Work request: Pictures in the records are to be omitted; everything else is copied exactly.

The records:
*** Begin section ***

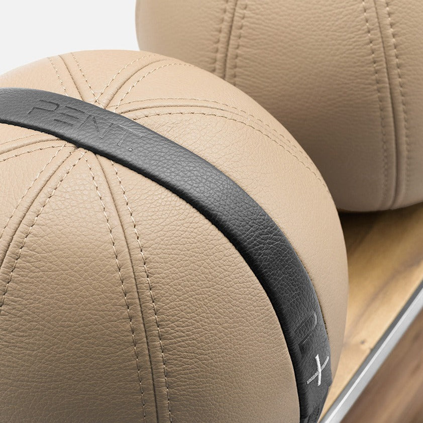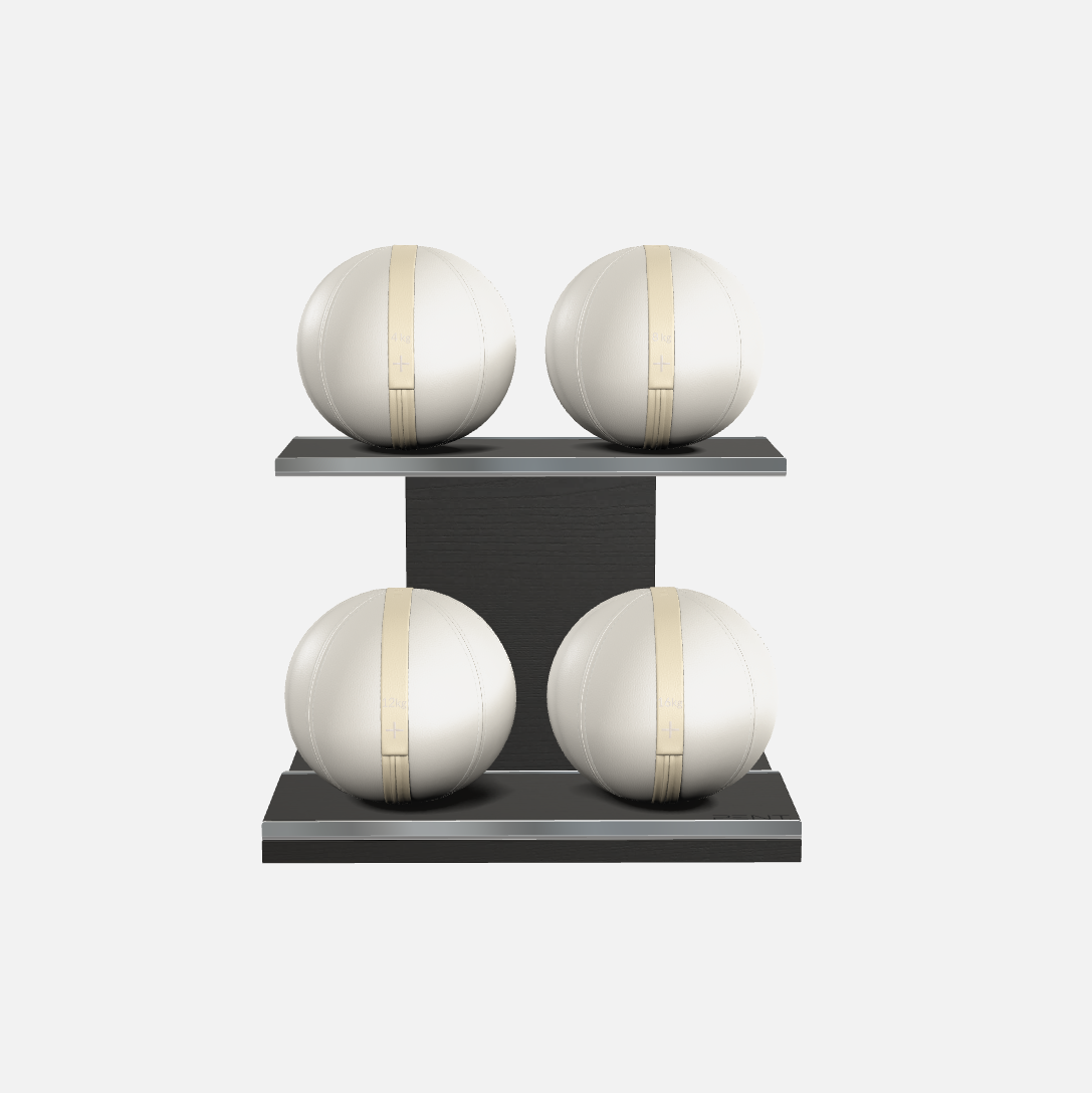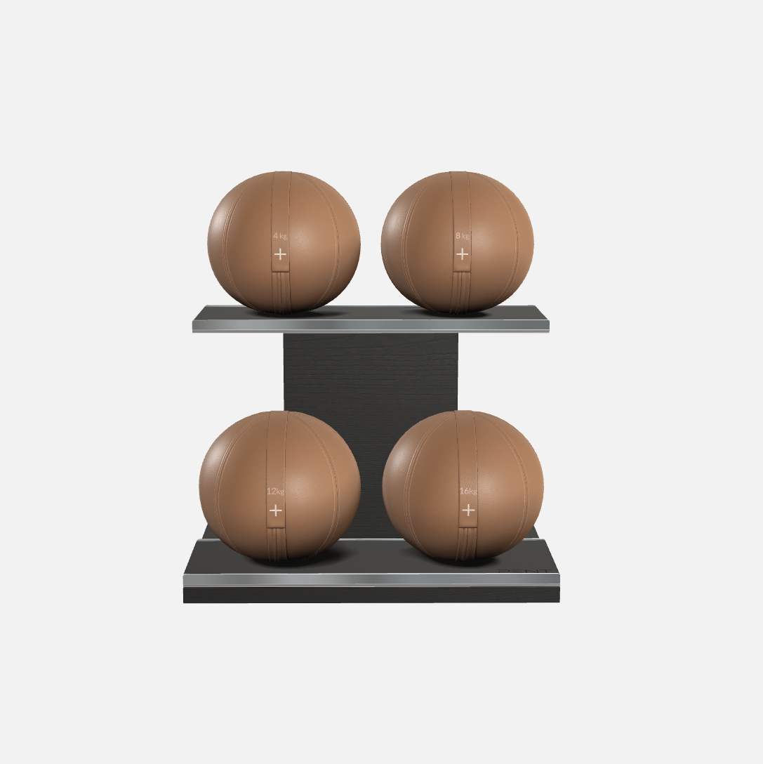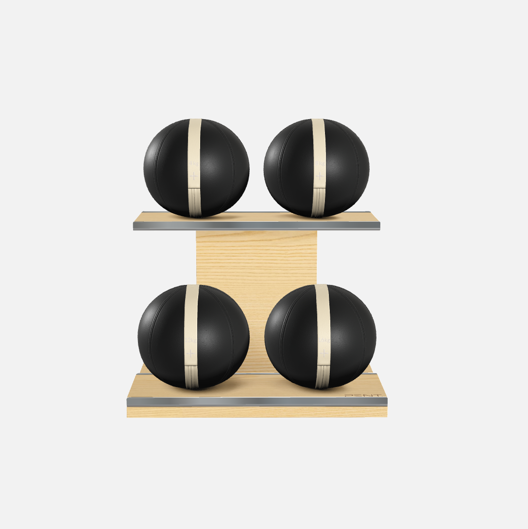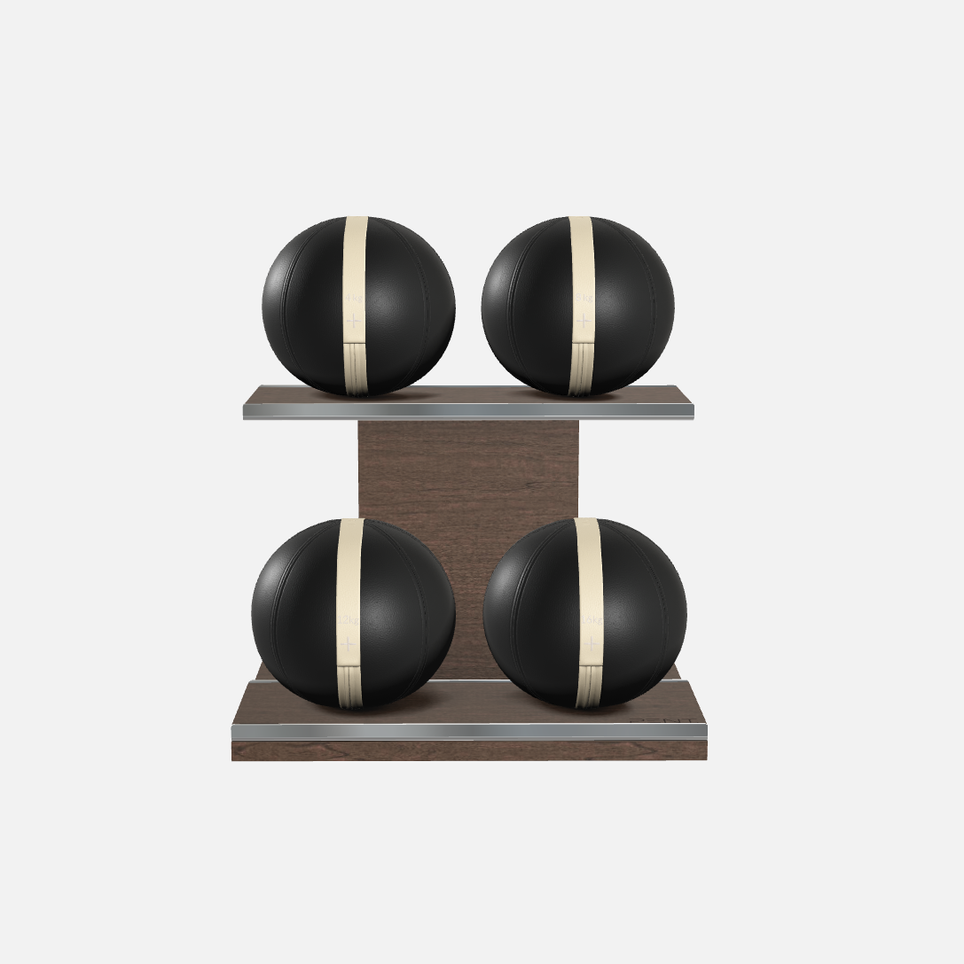 Moxa is a luxury medicine ball set hand made in Europe with real leather, with a minimal wood stand. Available in 5 leather colors, and 5 wood finishes.
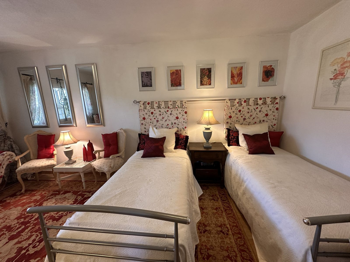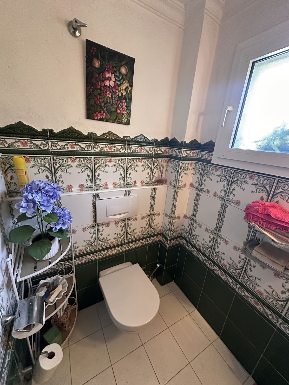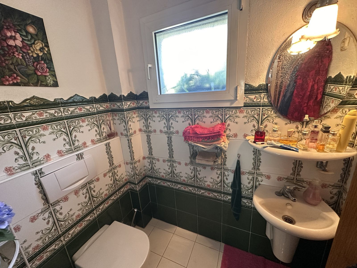 Au niveau inférieur, le potentiel est excellent pour l'aménagement d'un logement indépendant ou d'un espace pour les invités. Cet étage comprend une chambre, un grand salon pouvant également servir de seconde chambre, une buanderie avec salle de bains, un cellier et une charmante cave. De là, on accède à une magnifique terrasse ombragée, aménagée avec tables et canapés, idéale pour les repas en plein air et les réceptions aux beaux jours.
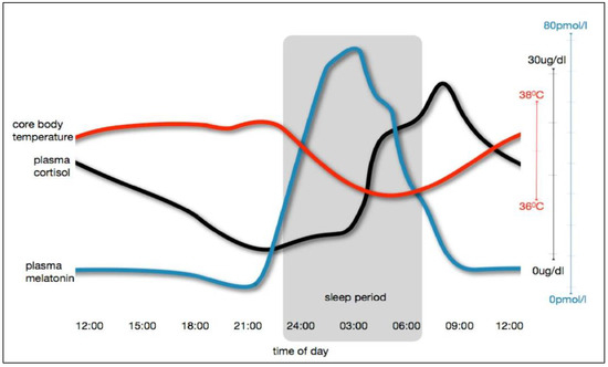 Within-day variations observed in the body temperature and melatonin and cortisol concentrations; reprinted from Ref. [84]. The within-day variation in body temperature is in the opposite direction to the variation observed in melatonin and cortisol.
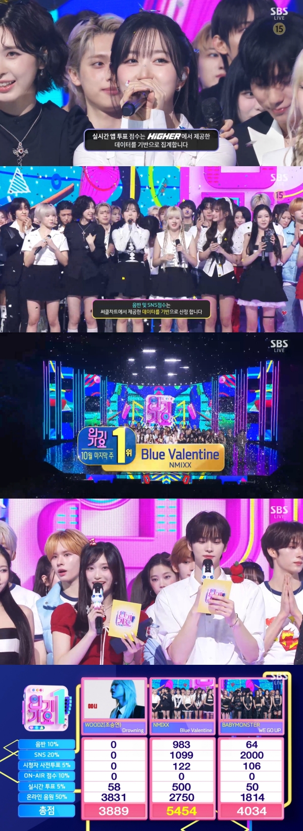 Áý°è °á°ú ¿£¹Í½º 'ºí·ç ¹ß·»Å¸ÀÎ(Blue Valentine)'ÀÌ À½¹Ý 983Á¡, SNS 1099Á¡, ½ÃûÀÚ »çÀüÅõÇ¥ 122Á¡, ½Ç½Ã°£ ÅõÇ¥ 500Á¡, ¿Â¶óÀÎ À½¿ø 2750Á¡ ÃÑ 5454Á¡À¸·Î 1À§¸¦ Â÷ÁöÇß´Ù. 2À§´Â ÃÑ 4034Á¡À» Â÷ÁöÇÑ º£À̺ñ¸ó½ºÅÍ 'À§ °í ¾÷(WE GO UP)', 3À§´Â ÃÑ 3889Á¡ÀÇ ¿ìÁî(WOODZ) 'µå¶ó¿ì´×(Drowning)'À̾ú´Ù.
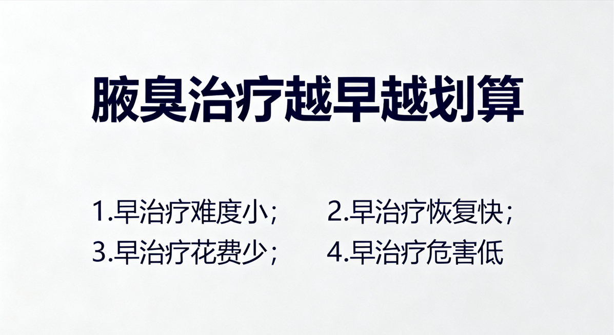 · 避免长期社交内耗:刺鼻异味会影响职场洽谈、婚恋关系,越早治疗越能节省因不自信产生的机会成本,专注于更有价值的事。
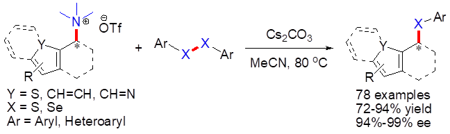 季铵盐作为一种新型的亲电试剂,性质稳定,无特殊气味,可以在无金属条件下与二硫(硒)化物,高效构建普通硫醚、硒醚等化合物。不仅如此,采用具有手性的季铵盐作为亲电试剂,还可以手性保留得到具有手性的硫醚、硒醚等重要结构。此策略绿色无污染,对环境友好,在药物合成领域具有十分重要的意义。

*** End section ***

Solution to the exercise:
 Moxa is a luxury medicine ball set hand made in Europe with real leather, with a minimal wood stand. Available in 5 leather colors, and 5 wood finishes.
 Au niveau inférieur, le potentiel est excellent pour l'aménagement d'un logement indépendant ou d'un espace pour les invités. Cet étage comprend une chambre, un grand salon pouvant également servir de seconde chambre, une buanderie avec salle de bains, un cellier et une charmante cave. De là, on accède à une magnifique terrasse ombragée, aménagée avec tables et canapés, idéale pour les repas en plein air et les réceptions aux beaux jours.
 Within-day variations observed in the body temperature and melatonin and cortisol concentrations; reprinted from Ref. [84]. The within-day variation in body temperature is in the opposite direction to the variation observed in melatonin and cortisol.
 Áý°è °á°ú ¿£¹Í½º 'ºí·ç ¹ß·»Å¸ÀÎ(Blue Valentine)'ÀÌ À½¹Ý 983Á¡, SNS 1099Á¡, ½ÃûÀÚ »çÀüÅõÇ¥ 122Á¡, ½Ç½Ã°£ ÅõÇ¥ 500Á¡, ¿Â¶óÀÎ À½¿ø 2750Á¡ ÃÑ 5454Á¡À¸·Î 1À§¸¦ Â÷ÁöÇß´Ù. 2À§´Â ÃÑ 4034Á¡À» Â÷ÁöÇÑ º£À̺ñ¸ó½ºÅÍ 'À§ °í ¾÷(WE GO UP)', 3À§´Â ÃÑ 3889Á¡ÀÇ ¿ìÁî(WOODZ) 'µå¶ó¿ì´×(Drowning)'À̾ú´Ù.
 · 避免长期社交内耗:刺鼻异味会影响职场洽谈、婚恋关系,越早治疗越能节省因不自信产生的机会成本,专注于更有价值的事。
 季铵盐作为一种新型的亲电试剂,性质稳定,无特殊气味,可以在无金属条件下与二硫(硒)化物,高效构建普通硫醚、硒醚等化合物。不仅如此,采用具有手性的季铵盐作为亲电试剂,还可以手性保留得到具有手性的硫醚、硒醚等重要结构。此策略绿色无污染,对环境友好,在药物合成领域具有十分重要的意义。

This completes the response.